I interrupt a long-term hiatus to help raise awareness towards the new Copyright Laws that might come into effect starting next week unless we join efforts to stop it.
A friend and fellow artist, Will Terry, has joined forces with Brad Holland to help us understand what this Copyright Law is all about, here is their message:
“Orphan Works in a Nutshell:
– Congress is drafting a new US Copyright Act. If passed, it would replace current US Copyright law. There isn’t any bill yet, but the Copyright Office has issued its recommendations for one. Their Report is 234 pages long and is very complicated, so it’s risky to try reducing it to a few words. But here’s a summary of its basic features:
- It would void your Constitutional right to the EXCLUSIVE CONTROL of YOUR work.
- It would effectively reverse the default premise of copyright law; which means…
- It would make the public’s right to use your work its defining goal; which means…
- You would have to make your work available to the public.
- You would have to do this by registering every picture you want to retain the rights to with for-profit registries.
- Unregistered work would be considered legally “orphaned.”
- Orphaned work would be available for commercial infringement by “good faith” infringers.
- Good faith infringers would be anyone who believed they had made a “reasonably diligent,” but unsuccessful effort to find you.
- Infringers could also ALTER your work and copyright the “derivative works” in their own names.
- This would affect all visual art: drawings, paintings, sketches, photos, etc.; past, present and future; published and unpublished; domestic and foreign.
- It would include family snapshots and any picture or work you ever put on the Internet.
- The Copyright Office acknowledges that this would pose special “challenges” for visual artists…
- But they conclude that it’s in the public interest for your work to be available for anyone to use.
The Copyright Office has also recommended the following:
- Mass Digitization of the world’s intellectual property by corporate interests.
- Extended Collective Licensing, a form of socialized corporate licensing that would replace voluntary agreements between artists and clients.
- A Copyright Small Claims Court to handle the expected flood of orphan works lawsuits.
—> The deadline is This Thursday, July 23, 2015″ <—
– WHAT CAN WE DO? –
- Write a letter —> HERE <— Let them know why this isn’t a good idea!
- Don’t know what to write? Here are Letter samples
- SHARE this information as much as you can!
– LEARN MORE –
- Watch/Listen to Will Terry and Brad Holland discuss this Law on
“Everything You Know About Copyright Is About To Change”
- Read all about it.
- IPA Artists Alert
- Join Illustrator’s Partnership
This Copyright Act could affect all kinds of creators!!

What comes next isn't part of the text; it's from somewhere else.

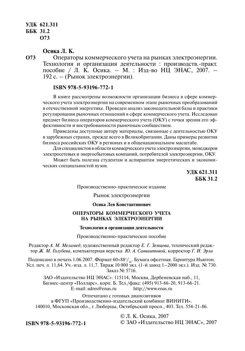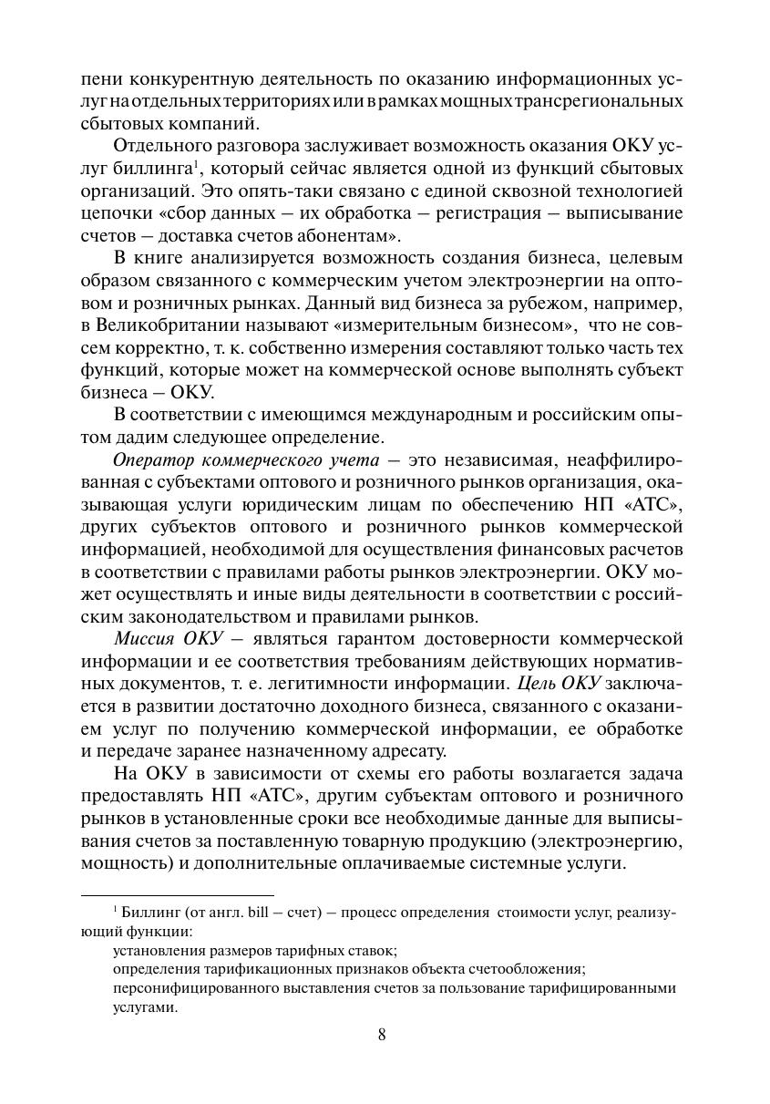 В книге рассмотрены возможности организации бизнеса в сфере коммерческого учета электроэнергии на современном этапе рыночных преобразований в отечественной энергетике.Проведен анализ законодательной базы и практики регулирования рыночных отношений в сфере коммерческого учета. Исследован предмет бизнеса операторов коммерческого учета (ОКУ) с точки зрения его эффективности и востребованности рыночным сообществом. Приведены доступные автору материалы, связанные с деятельностью ОКУ в зарубежных странах, прежде всего в Великобритании. Даны примеры развития бизнеса российских ОКУ в регионах и в общенациональном масштабе. Для специалистов в области коммерческого учета электроэнергии, менеджеров электросетевых и энергосбытовых компаний, потребителей электроэнергии, ОКУ. Может быть полезна студентам и аспирантам энергетических и экономических специальностей вузов.

I call bullshit on this post.
I also suggest you PAUSE and not file a comment before you understand what’s actually going on. These guys are completely confused and are freaking out about nonsense. What the Copyright Office is proposing has NOTHING TO DO with what they’re claiming.
But the Copyright Office’s proposal DOES SUCK–in mostly completely different ways.
They’re not proposing that creators have to register everything. They’re proposing that anyone who uses, adapts, remixes, etc. an orphan work must register that use–just in case the copyright holder of the orphan work comes along and decides to claim it.
Furthermore, this isn’t even a bill. This is a report from the Copyright Office, and a request for further feedback and discussion from the communities that may be affected.
Fixing the orphan work problem needs to happen. Libraries, creators and others are being handicapped by the fact that the majority of creative and scholarly works from the 20th century are currently unusable–not in the public domain, but with no discoverable owners who can be appealed to for their use. But unless an owner steps forward (and the issue is that often there is no owner anymore), people have to act like the orphaned work belongs to somebody.
But the Copyright Office’s proposed remedies just slap a whole extra, frustrating tier of hoop-jumping on the whole deal. So file your comments and complaints, point out where the weaknesses lie, make sure your rights as creators are protected and your work doesn’t count as ‘orphaned’ just because somebody found a pirated and uncredited copy on the Internet. But know what you’re talking about.